To determine the molecular basis and the pathologic consequences of a chemically induced mutation in a mouse model with electroretinographic defects, tvrm89.

Mice from a G3 N-ethyl-N-nitrosourea mutagenesis program were screened for abnormal behavior and sensory defects by retinal imaging, slit lamp biomicroscopy and electroretinography (ERG). The recessive tvrm89 mutation was chromosomally mapped by a genome-wide linkage analysis using simple sequence length polymorphic markers in an F2 intercross, followed by direct sequencing of candidate genes in the critical region. The tvrm89 ocular phenotype was characterized by spectral-domain optical coherence tomography (SD-OCT), scanning laser ophthalmoscopy (SLO), detailed ERG-based studies of the retina and retinal pigment epithelium (RPE), and histological analysis of these structures.

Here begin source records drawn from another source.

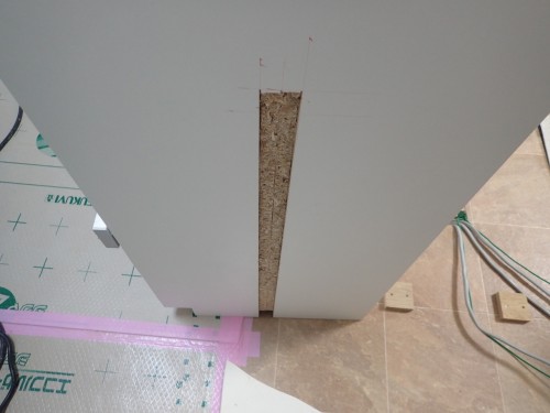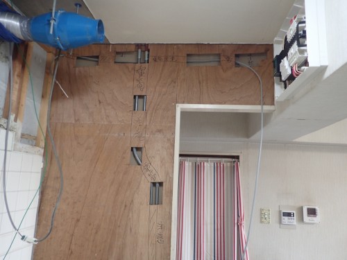 縦のマスキングテープの部分に、下地木桟の間柱が入っていました。
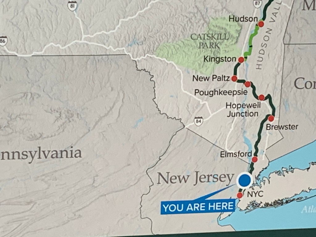 The next morning we went down to breakfast and again were glad we’d made the change of hotels. We had a good breakfast and chatted with people who were competing in the Westminster Dog Show which was happening in nearby Tarrytown. The Westminster is usually held in the city around Valentine’s Day, but it is just getting back after a couple of years of Covid delays and cancellations. It was a kick to see some very beautiful (and they knew it) dogs walking the hallways of the hotel. Another couple asked about our biking (we were kitted up for the coming day) and we had a great conversation with them – she asked if she could take our picture. It was a nice way to start the day.
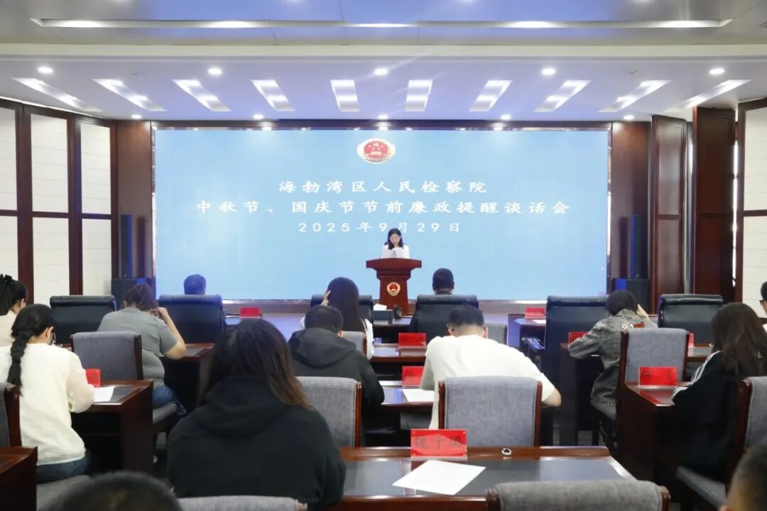 2025年中秋、国庆佳节将至,为深入贯彻落实中央八项规定精神,进一步增强全体检察人员的廉洁自律意识,营造风清气正的节日氛围,9月29日,海勃湾区人民检察院召开节前集体廉政谈话会议。
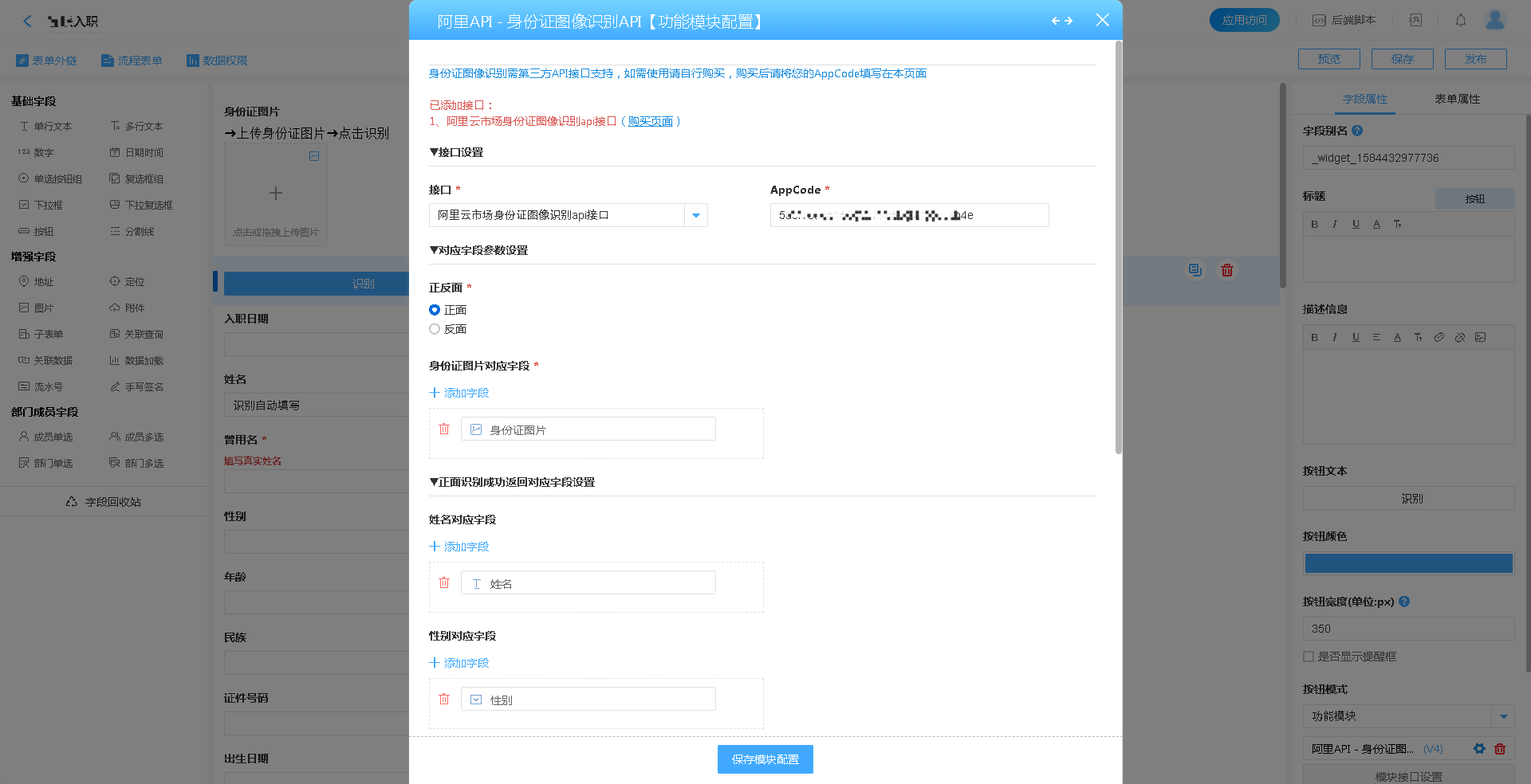 1、利用速搭对接外部API的能力,全自动识别入职员工的身份信息,减少繁琐的个人信息输入步骤,大大提升了人事办事效率。
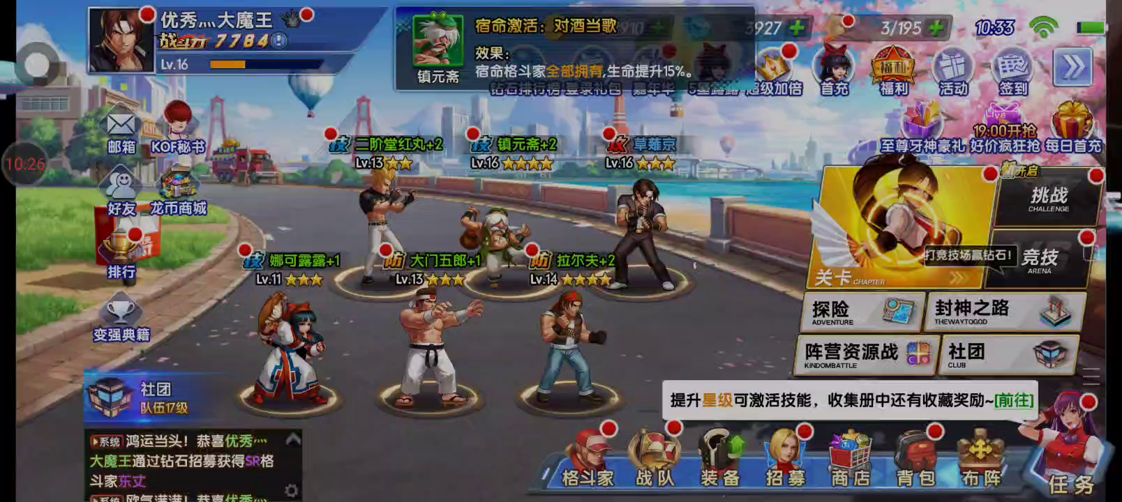 全新IP大作《拳魂觉醒》由正版《拳皇》IP授权,联动《侍魂》及《月华剑士》两大知名人气IP,更有【橘右京、娜可露露、霸王丸】的倾情加入,全新演绎拳皇全明星世界。 游戏涵盖了草薙京、特瑞、不知火舞等“拳皇”系列经典人气角色及橘右京、娜可露露等知名人物,独特核心战斗及创新竞技玩法使游戏区别于传统IP游戏,八大流派,二十余个战队,数十格斗家等待你收集,为屏幕前的你带来更新鲜的游戏体验。 【特色玩法】 一、拳皇侍魂系列IP剧情角色纯还原 以三神器家族及大蛇的恩怨故事为背景,橘右京等侍魂人物穿越而来,正逢拳皇大赛开办,一场跨时空的较量正在上演 二、卡牌标配升级,经典基础再创新 一改传统卡牌游戏回合制,创新地使用即时战斗形式,爽快的连击操作,拥有华丽特效及战略打断的必杀技使战斗更加激烈 三、系统融合打磨,多种乐趣一次体验 主角剧情模式一币通关,抢夺资源、占领城池的SLG玩法与卡牌结合......通过核心战斗创新提高游戏策略性,赋予卡牌游戏操作乐趣 四、多线养成,自由组建队伍称霸拳皇大赛 多样的养成线加丰富的培养玩法,让你随心所欲培养心爱格斗家至极限,自由组建最强战队
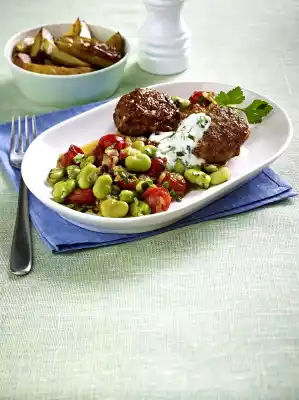 Wash, clean and halve the tomatoes. Wash parsley, shake dry. Pluck off leaves and chop finely, except for something to garnish. Heat 2 tablespoons of oil in a frying pan. Sauté the remaining onions, garlic and beans for 2-3 minutes. Add the tomatoes and cook for another 2 minutes. Season to taste with salt, pepper and sugar. Stir in parsley. Wash mint, dab dry and chop finely. Mix with yoghurt, season with salt and pepper. Take the potatoes out of the oven. Serve the meatballs with bean vegetables and potatoes. Serve with mint yoghurt and garnish with parsley
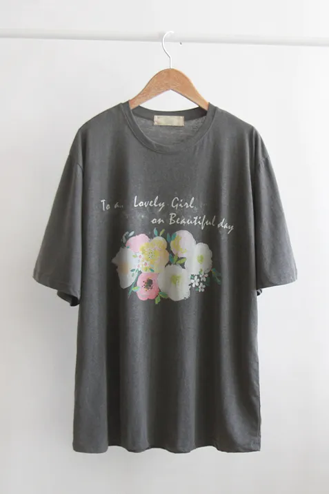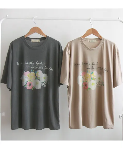 漂亮花朵字母印花修身寬鬆短袖上衣
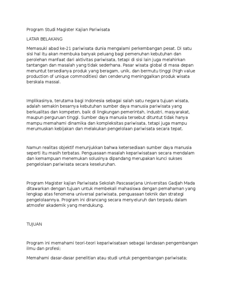 Program Studi Magister Kajian Pariwisata | Pendidikan …

The tvrm89 mutation was localized to chromosome 9. Because homozygous tvrm89 mutants exhibited a circling behavior, the Snell’s waltzer mouse gene, myosin6, became an obvious candidate as it was within the critical region. Sequencing identified a T-C point mutation at amino acid 480 in myosin6 that is predicted to cause a deleterious leucine to proline change. The mutation was shown to segregate with affected mice in both the B6-myo6^tvrm89 and F2 mapping colonies and is a conserved residue across species. Mice homozygous for the myosin6^tvrm89 mutation display iris malformations and attenuation of the ERG a- and b-wave as well as dc-ERG components by 4 weeks of age; these abnormalities do not become more severe at later ages.

The myosin6^{tvrm89/tvrm89} phenotype is very similar to that reported for Myo6^sv/sv mice, which are effective null Myo6 mutants. The observation that homozygous myosin6^tvrm89 mice display reduced ERG components suggests that myosin6 is necessary for outer retinal function.